Добролета, Доброхима, красный силуэт рабочего между красных труб на штукатуренной стене над головами чаепийц и курителей махорки напоминают о далекой-далекой
Москве, где гремит жизнь.
Вернулся Сашок из уборной и сказал, кивнув на стойку:
– Из-за этой вон дамочки тоже у нас ноги кое-кому перешибли, дел двадцать в народном суде из-за нее разбиралось. Знаменитость.
Действительно, за стойкой лениво стояла полногрудая «дамочка» в ситцевом полосатом платье, широколицая, напудренная, с маленьким носиком, с гребенками в туго завитых волосах.
С ней разговаривал, навалясь локтем на стойку, низкорослый человек в черных брюках и в штатском френче.
Длинный нос его только что заехал в блюдо с жареной печенкой, нюхал из горшка с селедками.
– Пожалуй, съем, – сказал этот человек и поволоко поглядел на дамочку за стойкой. – Положите мне печеночки и положите мне половину селедочки. Какую половину? А
какую сами захотите – хоть с хвоста, хоть с головы.
Он сел за столик, положил ногу на ногу, закусил зубом папироску, прищурил глаз от дыма.
Дамочка небрежно поставила перед ним тарелки с печенкой и селедкой, отвернулась равнодушно. Но он пригласил:
– Садитесь, Раиса Павловна, за стол. Вы мне не помешаете, а даже наоборот.
Вместо ответа она выпятила нижнюю губу, стала поправлять гребенки.
– А я вчера в кинематографе три сеанса высидел на
«Молчи, грусть, молчи», – вы не изволили явиться; вопрос
– почему?
Роковая дамочка дернула плечиком, ушла за стойку. Он оборотил к ней длинный свой волнистый нос и, вытаскивая из зубов селедочную косточку, сказал насмешливо:
– Ну-ка, сознайтесь, а ведь я вас вчера таки смутил немножко.
– Чем это вы меня смутили? Оставьте ваши подходы.
– Своими песнями, гражданочка. – И, очень довольный, он изо всей силы принялся резать печенку.
Сашок сказал Буженинову:
– Это Утевкин. Ухажер, первый фокстротист. У него расчет, что вы сестре про его фигли-мигли расскажете. А
Надежда Ивановна с этой Раисой лютейшие враги: одного летчика в прошлом году не поделили.
К Сашке подошли двое неизвестных в романовских полушубках, забрызганных дорожной грязью, и они втроем отсели за соседний столик, совещаясь по хлебному делу.
Буженинов вышел из пивной.
Ветер на площади покачивал баранки и связки вяленой рыбы в рогожных палатках, задирал ухо собачонке, сидевшей на возу с сеном. Визжал поросенок, которого мужик тащил за ногу из мешка.

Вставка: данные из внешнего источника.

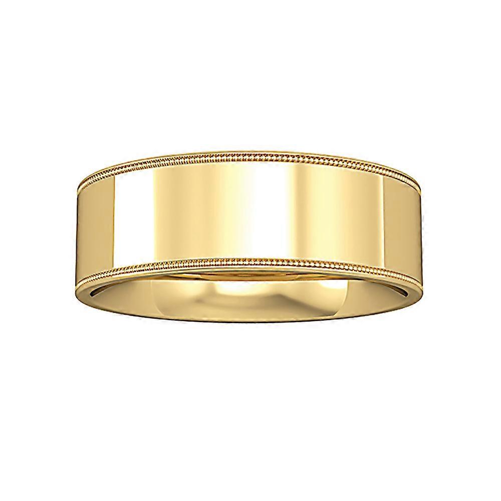 Jewelco London 18ct Yellow Gold Flat-Court Beaded Edge Band Wedding Ring 7mm

Крепко пахло соленым салом, дегтем, навозом. На сухом тротуаре, около кучи банных веников сидела здоровенная баба в ватной юбке и, повернувшись к площади голой спиной, искала вшей в рубашке.
Седой человек в старом офицерском пальто с костяными пуговицами остановился, посмотрел бабе на спину и спросил уныло:
– Почем веники?
– Два миллиарда, – сердито ответила баба.
Вот старый еврей, тряся головой, молча тащил за шею гусенка из-под мышки у худого страшноглазого мужика.
Гусенок был жалкий, со сломанным носом. Еврей скорбно осматривал лапки и крылья, дул ему в нос, давал цену.
Мужик запрашивал:
– Это – гусь, его раскорми – кругом сало.
И тащил гусенка за шею к себе.
– Он и кушать не может, у него нос отломан. Зачем мне больной гусь? – говорил еврей и опять тащил гусенка.
– У тебя нос сломан! – кричал мужик нутряным голосом. – Ты гляди, как он жрет. – И он совал корку, и гусенок жадно давился хлебом.
У телеги с глиняными горшками закричали две бабы, поссорясь. Милиционер с каменным лицом шел к ним не спеша, и бабы замолчали, уставились на красноголового, как крысы.
– В чем дело, гражданки? Пожалуйте в отделение.
Вот почтенный старичок в очках, продавец львов из бумажного теста с зелеными рылами и расписных свистулек, не обращая внимания на суету и шум, читал книжицу.
Перед ним стоял пьяный человек, перекинувший через плечо грязные валенки, видимо принесенные на продажу, и повторял зловеще:
– Предметы роскоши – не дозволяется. Это мы сообщим кому следует.
Василий Алексеевич обогнул по тротуару базарную площадь, миновал сад, где от рассвета до ночи неугомонно кричали грачи над гнездами да на зазеленевшем лугу играла в мяч стайка мальчиков, и вышел на обрыв к реке.